OpenAI and chat GPT and other AI systems but they're much smaller and they convert

text to basically a vector that we call embedding and then the search works by

just finding vectors that are close by to the vector that's associated to the

query. Like I said it's much smaller than the large language models that OpenAI is

using so it's not as expensive to run and that's important for especially for

search. So yes it's affordable it's scalable if you use some of the

technologies some of the things that I showed on the first slide a lot of

those are vector databases that allow you to find these vectors that are

associated with the documents very quickly. Like I said it can be not so great

for specialized domains but you can fine-tune it. Fine-tuning basically is

taking the model and providing it with more examples from your specialized

domain and making it work for your domain and for these small models unlike for

alums that can be inexpensive and we found a lot of success doing this. One of

the things that large language models help there is actually generating queries

for the documents and we can use that as additional data to fine-tune these

models. Even though the fine-tuning really helps but still we found that using

hybrid approach so using both keyword search and the semantic search is the

best combination. In a lot of cases you have multiple types of results and for

example you might have documentation or you might have tutorials you might have

interactive communications etc and it's actually difficult to make it work well

for all kinds of different types of information. If you have large amounts

of data, large amounts of interaction then it's possible to tune these models

so that the different types of information doesn't get confused but in

most practical cases that we've dealt with where there is not as many people

that use the systems or the amount of data is not as huge. The solution would be

again retrieving different types of documents separately and then merging

the results post-retail. Another alternative and kind of similar solution is

using facets. So as you've seen for the for Google there is different facets

that are on the top of the page or additional filters in our system so

basically it's a way to restrict search to particular document type or using

other filters. It's particularly important if you want to restrict accesses to

certain types of documents for certain people or provide different view of the

content for different users. It's relatively easy to build for the keyword

search and for small-size semantic search indices but would require fairly

advanced solutions for larger indices. Finally the curated content is the

last type of content that I want to talk about. It's also particularly important

for smaller search engines because no matter what technology you're using

there are going to be gaps and there are going to be difficult cases and it's

always best to use your users and involve people and get them to produce the

content whether it's specific different types of documents just for including

into your search results or just recommending a particular search result

for specific query.
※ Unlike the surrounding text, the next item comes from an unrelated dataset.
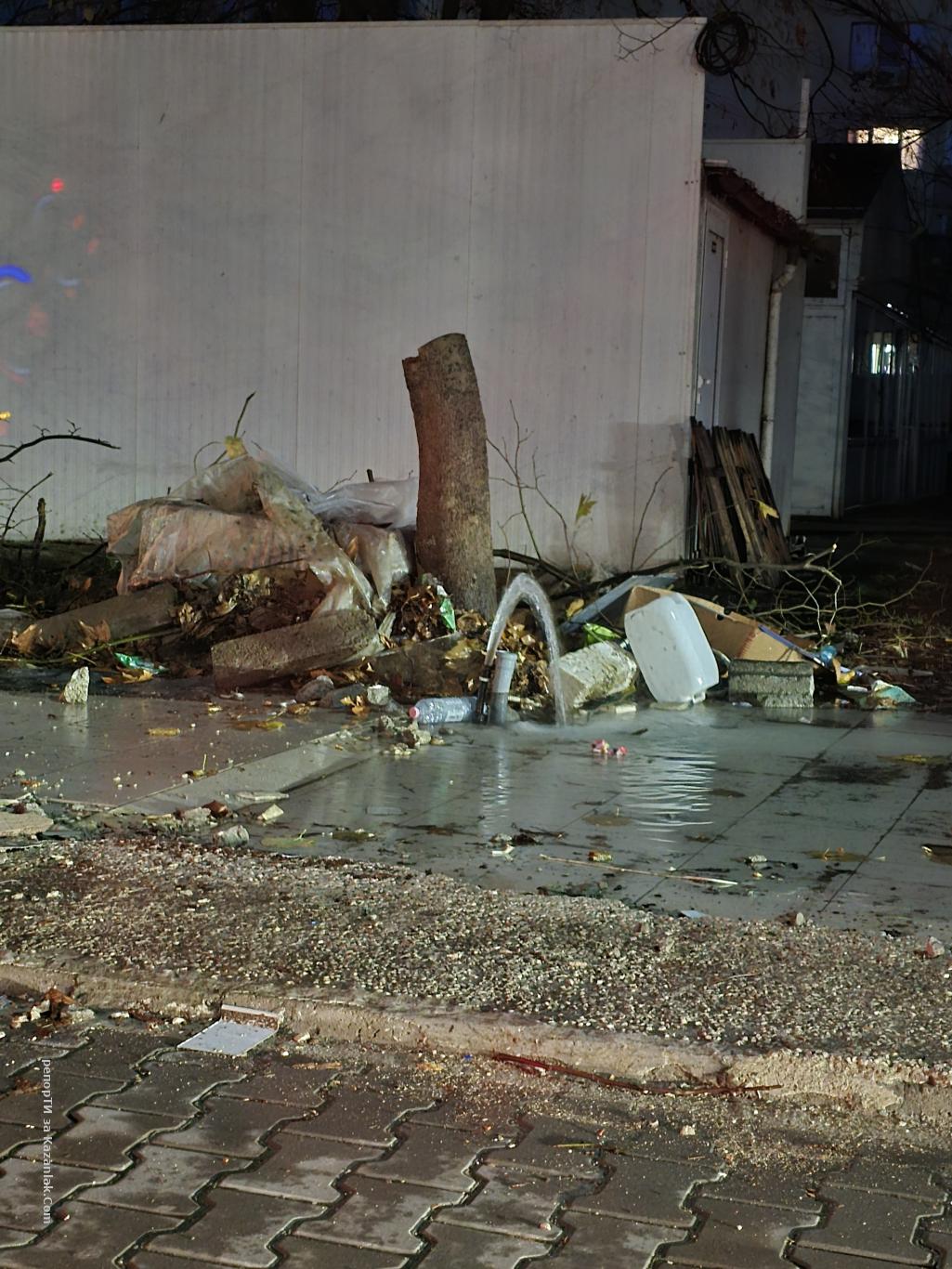 Бликащ фонтан след демонтаж на барака за ”бързи закуски” на ”Абаята”, зад спирката посока запад. Моля, на вниманието на съответните органи за този разлив на питейна вода!

Of course you usually provide the query for that content so

that we know where it would show up but matching only to specific query is not

very scalable so one way to provide the curated content in the search context is

to look for similar queries and whenever search for a similar query occurs also

exposing that custom curated content and the embeddings that we talked about

for the semantic search can be also used for the similarity of the queries. So

that's really the different things that I wanted to present some of the

techniques that we found useful in building custom search engines and

search engines that are outside of basically the public domain. So thank you

and now if you have any questions I'll be happy to answer.